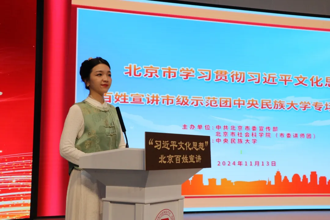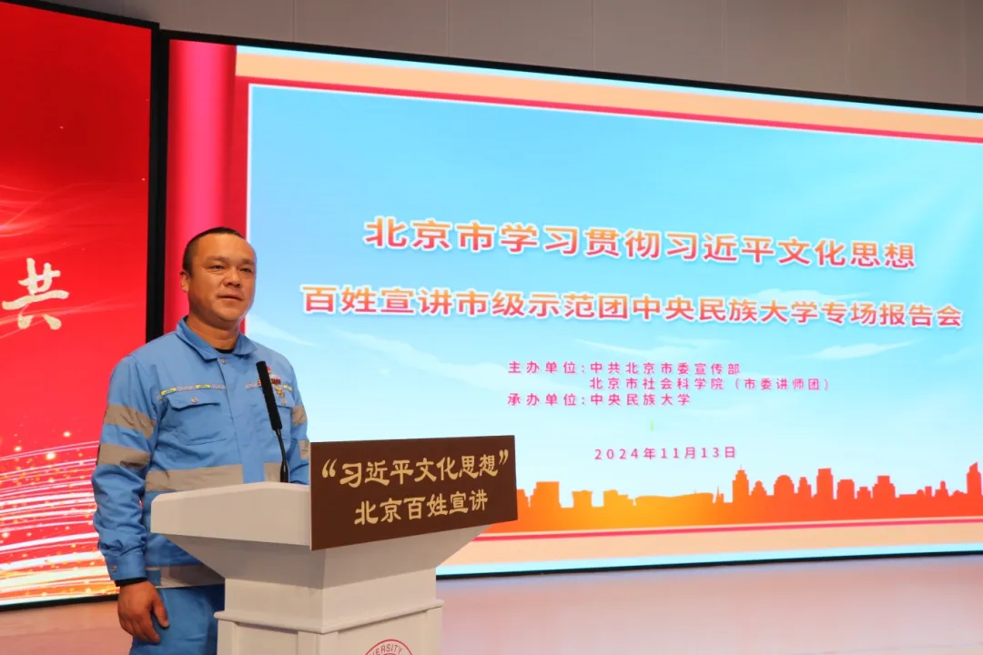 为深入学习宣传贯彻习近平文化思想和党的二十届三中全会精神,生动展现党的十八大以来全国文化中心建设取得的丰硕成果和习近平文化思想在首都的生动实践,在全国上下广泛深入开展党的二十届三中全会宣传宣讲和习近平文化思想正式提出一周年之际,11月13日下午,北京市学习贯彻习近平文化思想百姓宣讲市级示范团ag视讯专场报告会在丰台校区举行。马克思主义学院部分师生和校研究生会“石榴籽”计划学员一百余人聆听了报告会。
○ ○ ○ ○
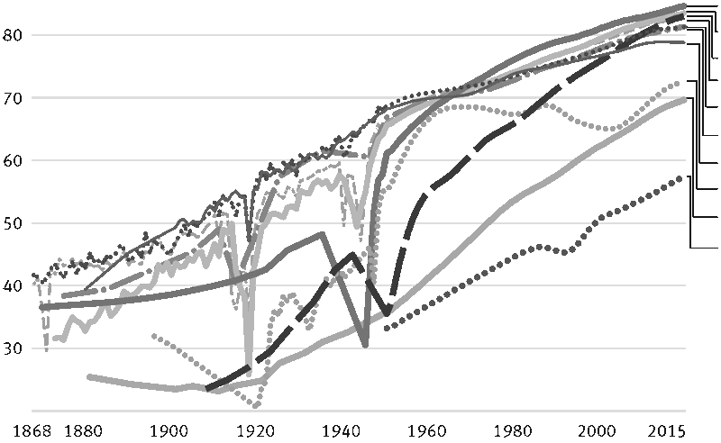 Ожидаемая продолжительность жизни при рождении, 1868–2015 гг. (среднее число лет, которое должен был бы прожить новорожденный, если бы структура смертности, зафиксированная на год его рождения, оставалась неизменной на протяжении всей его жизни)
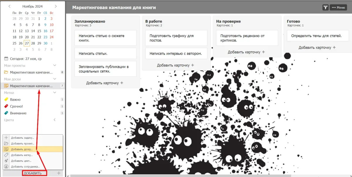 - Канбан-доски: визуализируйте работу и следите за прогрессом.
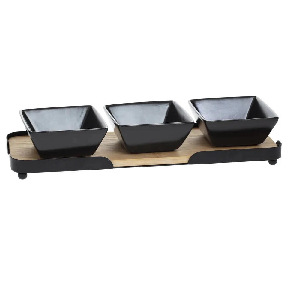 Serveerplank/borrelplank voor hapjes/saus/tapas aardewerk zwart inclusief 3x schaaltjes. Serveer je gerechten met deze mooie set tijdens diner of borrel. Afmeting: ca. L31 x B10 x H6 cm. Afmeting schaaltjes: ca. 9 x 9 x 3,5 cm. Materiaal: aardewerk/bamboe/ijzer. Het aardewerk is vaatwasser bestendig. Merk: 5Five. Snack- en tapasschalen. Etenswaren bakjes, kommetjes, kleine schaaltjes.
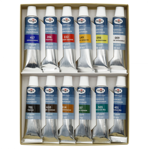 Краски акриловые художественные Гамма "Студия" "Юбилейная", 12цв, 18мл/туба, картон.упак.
○ ○ ○ ○
Prompt:
What should come back is an exact copy of the lines above from the line with "Ожидаемая продолжительность жизни" to the line with "Краски акриловые художественные", both included, minus the pictures.

Output for this task:
 Ожидаемая продолжительность жизни при рождении, 1868–2015 гг. (среднее число лет, которое должен был бы прожить новорожденный, если бы структура смертности, зафиксированная на год его рождения, оставалась неизменной на протяжении всей его жизни)
 - Канбан-доски: визуализируйте работу и следите за прогрессом.
 Serveerplank/borrelplank voor hapjes/saus/tapas aardewerk zwart inclusief 3x schaaltjes. Serveer je gerechten met deze mooie set tijdens diner of borrel. Afmeting: ca. L31 x B10 x H6 cm. Afmeting schaaltjes: ca. 9 x 9 x 3,5 cm. Materiaal: aardewerk/bamboe/ijzer. Het aardewerk is vaatwasser bestendig. Merk: 5Five. Snack- en tapasschalen. Etenswaren bakjes, kommetjes, kleine schaaltjes.
 Краски акриловые художественные Гамма "Студия" "Юбилейная", 12цв, 18мл/туба, картон.упак.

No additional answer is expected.